Material shown —
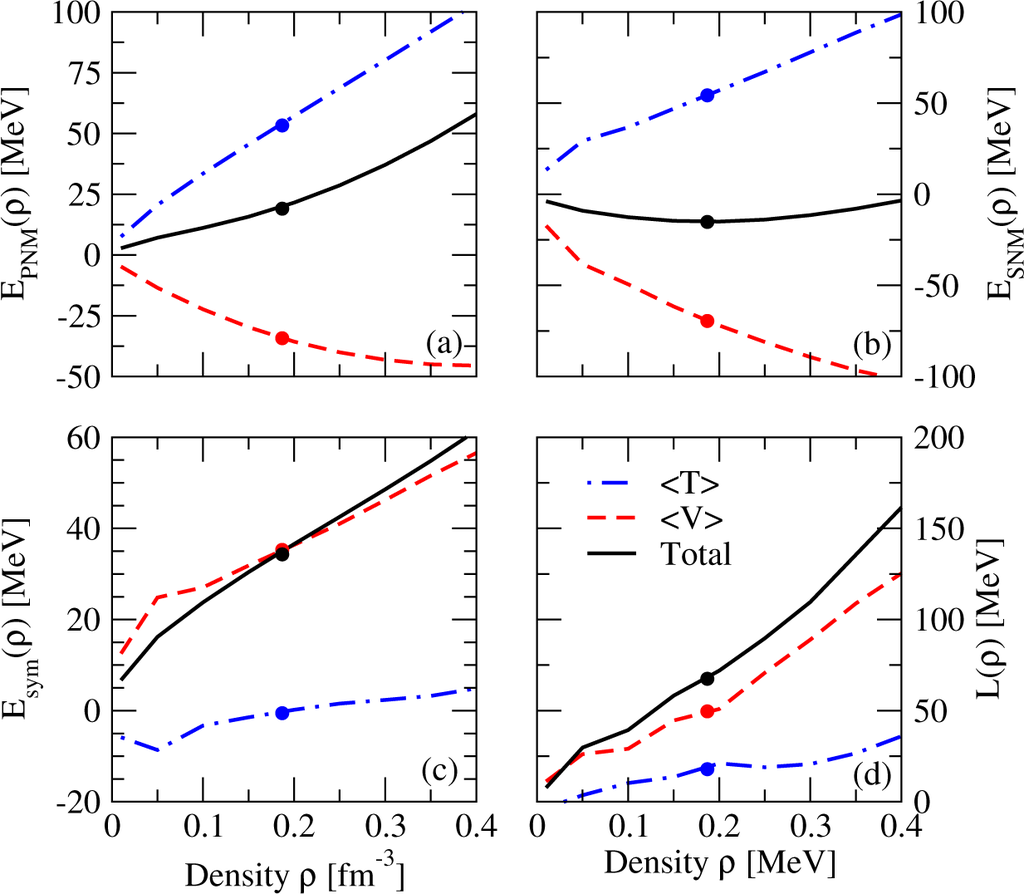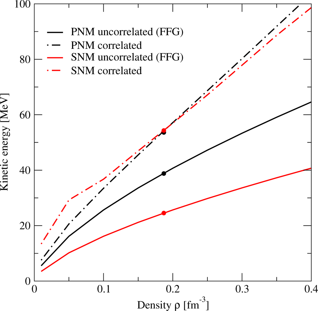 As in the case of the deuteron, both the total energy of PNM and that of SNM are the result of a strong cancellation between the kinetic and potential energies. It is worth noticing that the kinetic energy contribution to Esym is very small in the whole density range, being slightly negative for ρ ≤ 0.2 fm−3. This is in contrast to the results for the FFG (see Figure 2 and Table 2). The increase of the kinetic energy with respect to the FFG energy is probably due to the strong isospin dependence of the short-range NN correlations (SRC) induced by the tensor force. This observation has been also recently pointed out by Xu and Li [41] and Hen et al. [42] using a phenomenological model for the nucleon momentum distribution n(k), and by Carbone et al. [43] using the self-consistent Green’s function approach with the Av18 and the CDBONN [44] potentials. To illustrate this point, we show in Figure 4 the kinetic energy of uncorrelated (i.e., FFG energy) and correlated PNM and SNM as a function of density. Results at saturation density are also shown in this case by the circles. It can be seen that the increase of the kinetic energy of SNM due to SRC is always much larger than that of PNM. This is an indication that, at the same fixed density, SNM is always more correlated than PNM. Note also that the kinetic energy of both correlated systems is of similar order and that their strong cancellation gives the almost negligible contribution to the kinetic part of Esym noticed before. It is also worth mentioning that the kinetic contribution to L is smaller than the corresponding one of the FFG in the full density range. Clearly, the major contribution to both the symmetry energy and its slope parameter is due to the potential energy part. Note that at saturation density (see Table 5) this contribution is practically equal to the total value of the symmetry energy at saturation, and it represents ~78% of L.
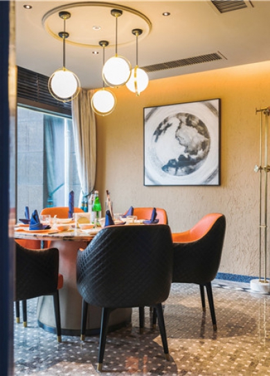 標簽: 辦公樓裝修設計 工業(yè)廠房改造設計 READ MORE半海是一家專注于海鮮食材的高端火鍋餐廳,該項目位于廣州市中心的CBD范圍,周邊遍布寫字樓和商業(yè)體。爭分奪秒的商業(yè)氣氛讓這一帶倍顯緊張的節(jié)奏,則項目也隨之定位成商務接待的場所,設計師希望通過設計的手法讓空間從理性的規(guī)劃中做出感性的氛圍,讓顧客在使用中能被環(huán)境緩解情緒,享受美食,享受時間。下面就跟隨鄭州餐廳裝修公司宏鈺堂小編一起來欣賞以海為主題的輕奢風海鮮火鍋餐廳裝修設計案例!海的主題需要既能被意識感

---

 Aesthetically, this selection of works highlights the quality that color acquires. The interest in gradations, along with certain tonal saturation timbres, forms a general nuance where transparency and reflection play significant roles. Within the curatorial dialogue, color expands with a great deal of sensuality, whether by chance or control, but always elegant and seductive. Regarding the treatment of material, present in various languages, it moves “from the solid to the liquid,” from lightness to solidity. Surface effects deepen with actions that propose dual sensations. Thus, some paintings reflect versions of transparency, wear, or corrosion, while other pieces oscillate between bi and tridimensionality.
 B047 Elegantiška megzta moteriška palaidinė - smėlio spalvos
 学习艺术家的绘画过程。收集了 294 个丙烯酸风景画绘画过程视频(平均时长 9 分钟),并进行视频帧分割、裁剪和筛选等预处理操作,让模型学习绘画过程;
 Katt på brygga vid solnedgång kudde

Task details — Copy the stretch of the records above that runs from the line with "学习艺术家的绘画过程。收集了 294 个丙烯酸风景画绘画过程视频(平均时长" through the line with "Katt på brygga vid solnedgång kudde". Both end lines belong in the copy, and nothing else does.

Your solution —
 学习艺术家的绘画过程。收集了 294 个丙烯酸风景画绘画过程视频(平均时长 9 分钟),并进行视频帧分割、裁剪和筛选等预处理操作,让模型学习绘画过程;
 Katt på brygga vid solnedgång kudde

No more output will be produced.